I'm using Corel Draw X6. I have drawn a vector curve facing to the left. When I rotate it to the right, reangle and resize, it becomes jagged. How can I fix this.
1 Answer
If you are making a path and stroking a line on it, this is more likely a raster line which then suffers from scaling as you observed. Unfortunately, vector images cannot totally eliminate aliasing, since aliasing is a byproduct of rendering a vector image to the screen.
With vector art that is purely curves with no raster textures nor effects, the art is stored as "the math" used to create the curves and lines. What this means is that there is no aliasing present in the drawing itself until it is rendered to the screen, printer, or printing plate. The drawing is an idealized description.
When rendered there is usually a square grid and on the screen this is a square grid of pixels. Aliasing happens when the grid is too course to describe a curve smoothly.

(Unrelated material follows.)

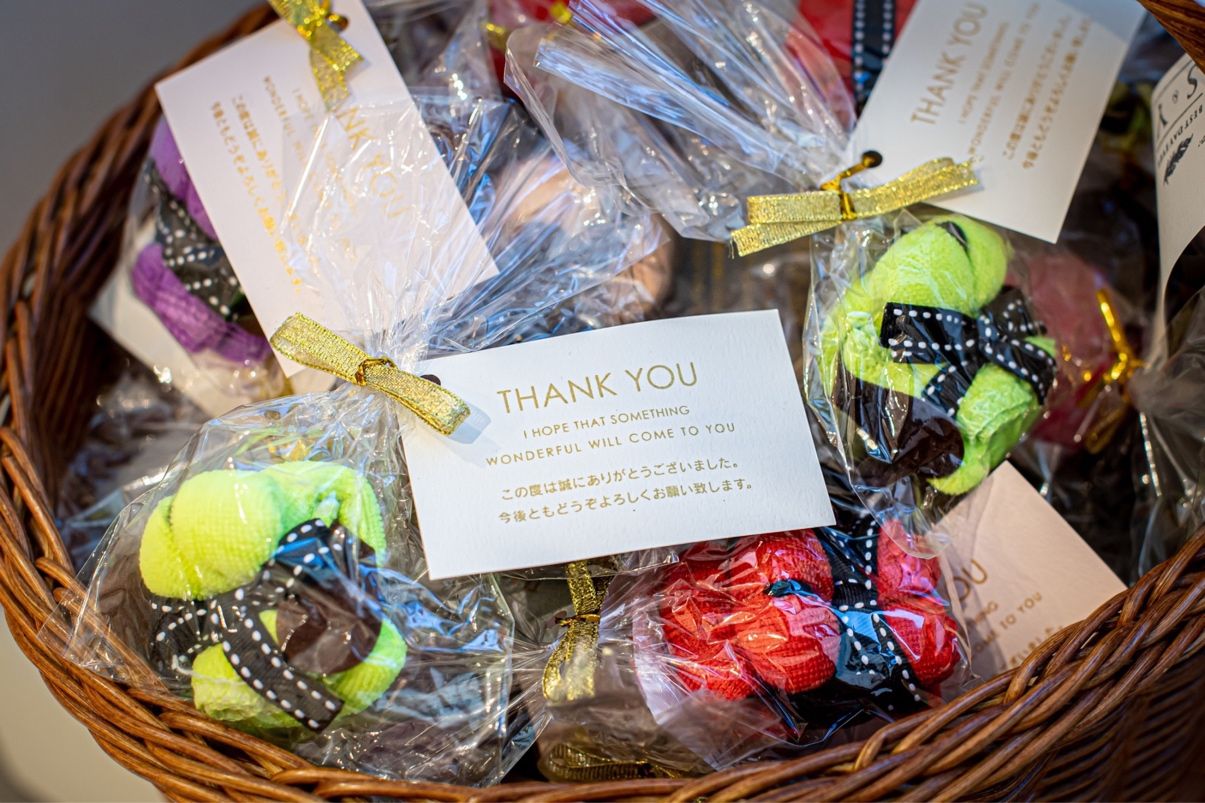 愛犬がいるのでその要素をどこかに取り入れたくて、犬型に畳まれたハンドタオルを贈りました。手作りのサンキュータグを付けました。

The solution to this is to make the grid finer. This means increasing the number of pixels in the same area. The aliasing never goes away, but it becomes smaller. On a normal printed page, the aliasing is small enough that it is indistinguishable at arms length.
Obviously, the pixel grid of a screen is fixed and cannot be made smaller, but vectors still benefit from the ability to scale them up for e.g. dynamic websites. Raster images lose quality when scaling up because you are scaling up already-rendered aliasing.